Instructions to follow
Word for word, restate the entries below, but exclude the images.

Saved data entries
□ □ □ □

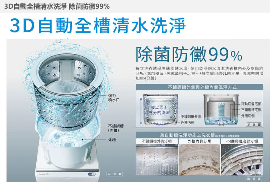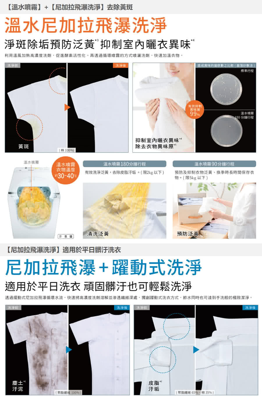 ●溫水噴霧+尼加拉飛瀑洗淨 預防衣物泛黃
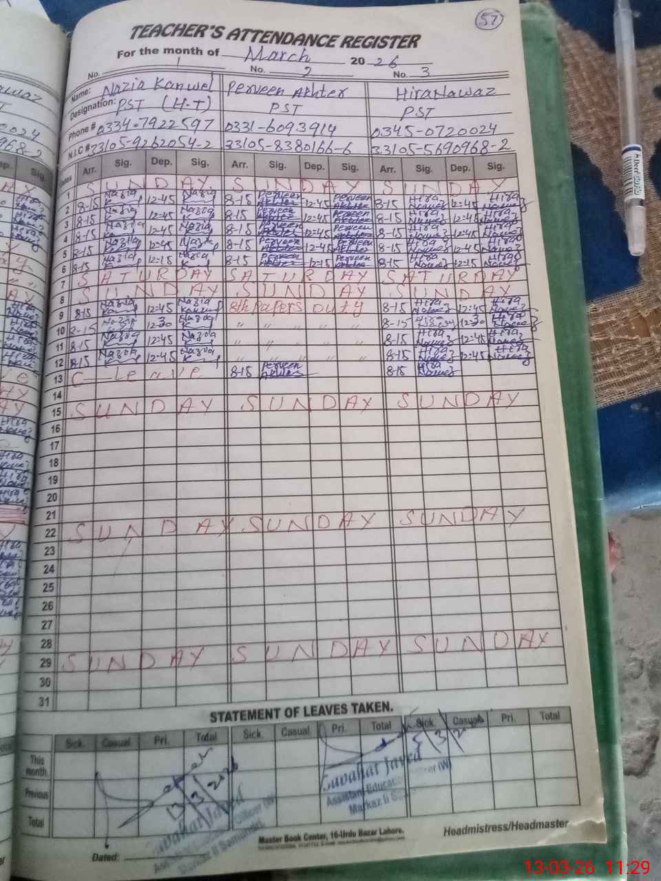 | Name: NA**** KA**** Designation: (School Headmaster's/Headmistress's) PST Phone/Cell Number: 03**** |
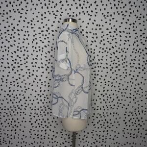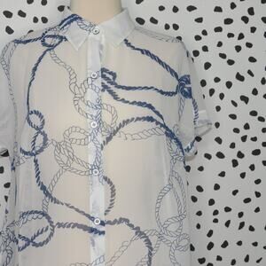 Cabi White Sheer Nautical Rope Print Short Sleeve Button Up Shirt
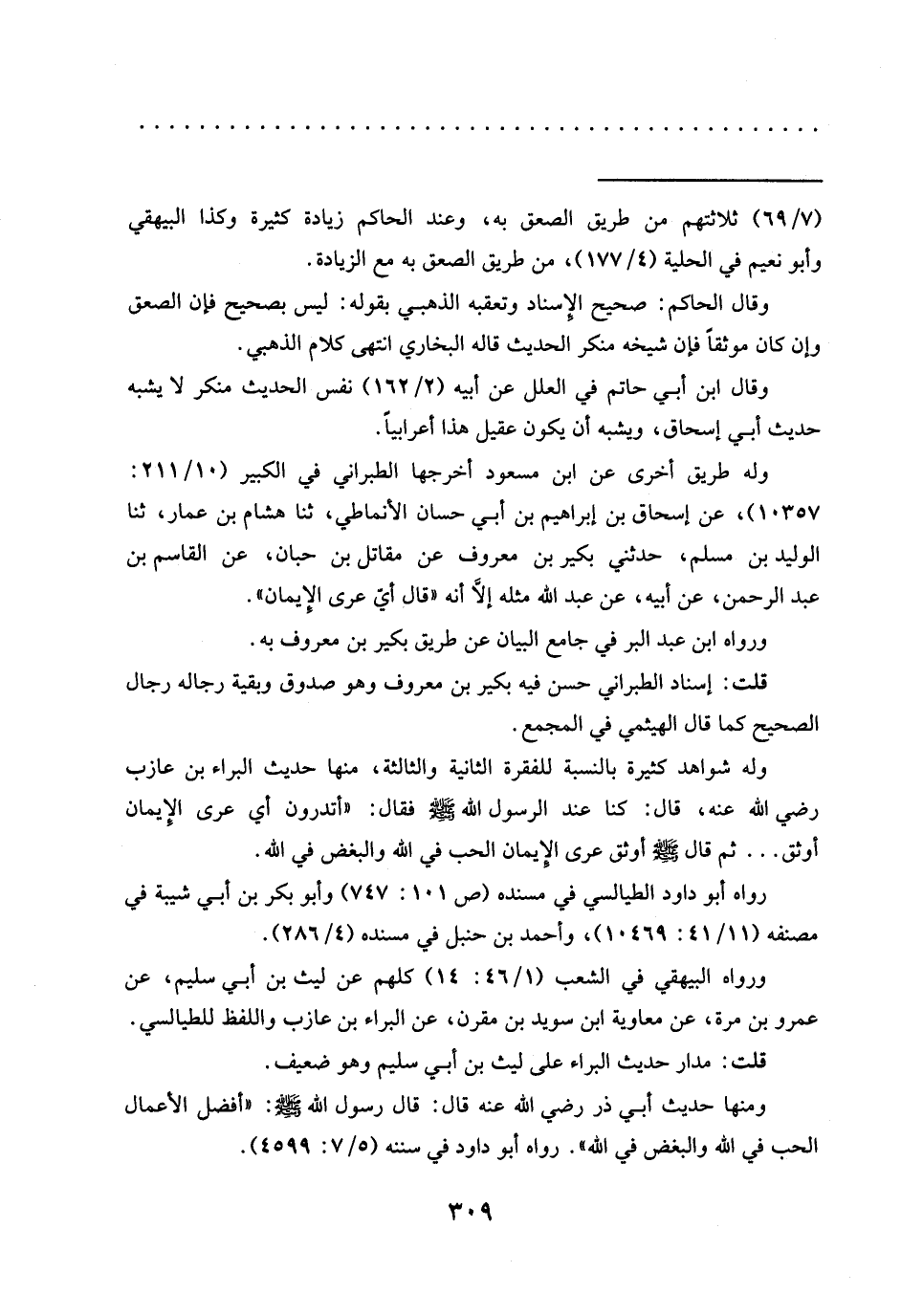 وله شواهد كثيرة بالنسبة للفقرة الثانية والثالثة، منها حديث الْبَرَاءِ بْنِ عَازِبٍ رَضِيَ اللَّهُ عَنْهُ، قَالَ: كنا عند الرسول الله -صَلَّى اللَّهُ عَلَيْهِ وَسَلَّمَ- فَقَالَ: "أَتَدْرُونَ أَيُّ عرى الإيمان أوثق ... ثم قال -صلى الله عليه وسلم- أوثق عرى الإيمان الحب في الله والبغض في الله.
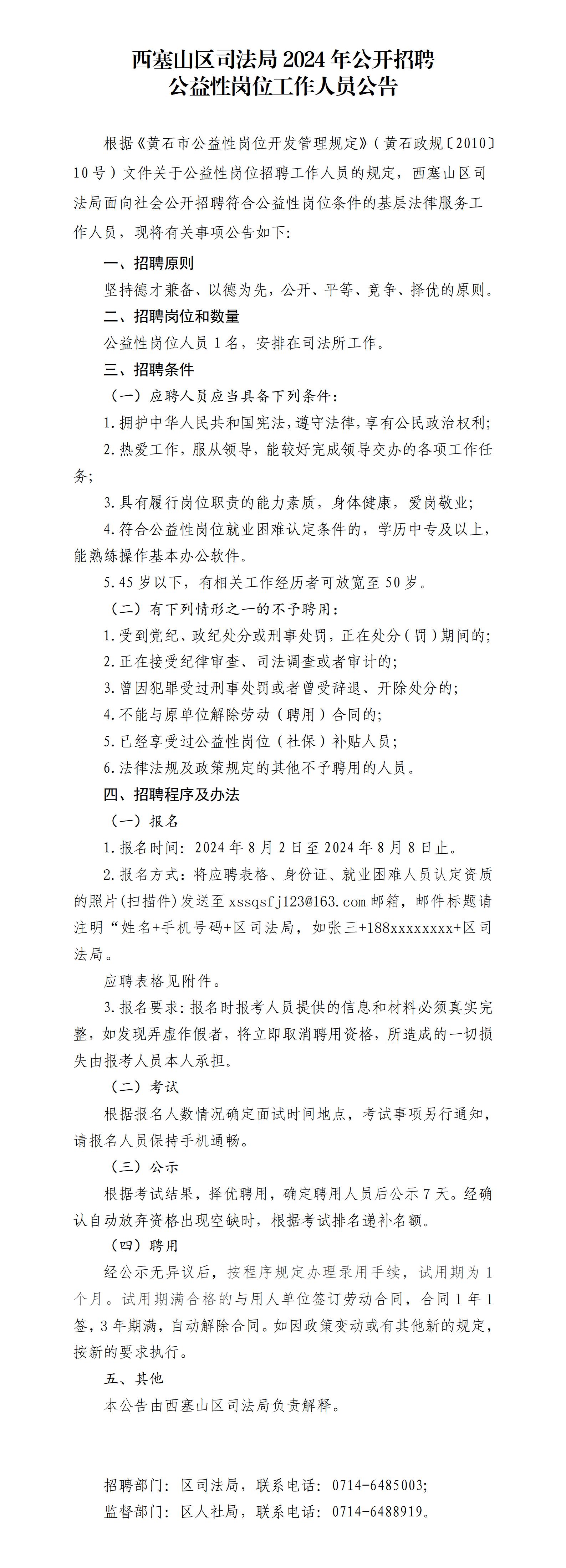 西塞山区司法局2024年公开招聘公益性岗位工作人员公告

□ □ □ □

Answer box
 ●溫水噴霧+尼加拉飛瀑洗淨 預防衣物泛黃
 | Name: NA**** KA**** Designation: (School Headmaster's/Headmistress's) PST Phone/Cell Number: 03**** |
 Cabi White Sheer Nautical Rope Print Short Sleeve Button Up Shirt
 وله شواهد كثيرة بالنسبة للفقرة الثانية والثالثة، منها حديث الْبَرَاءِ بْنِ عَازِبٍ رَضِيَ اللَّهُ عَنْهُ، قَالَ: كنا عند الرسول الله -صَلَّى اللَّهُ عَلَيْهِ وَسَلَّمَ- فَقَالَ: "أَتَدْرُونَ أَيُّ عرى الإيمان أوثق ... ثم قال -صلى الله عليه وسلم- أوثق عرى الإيمان الحب في الله والبغض في الله.
 西塞山区司法局2024年公开招聘公益性岗位工作人员公告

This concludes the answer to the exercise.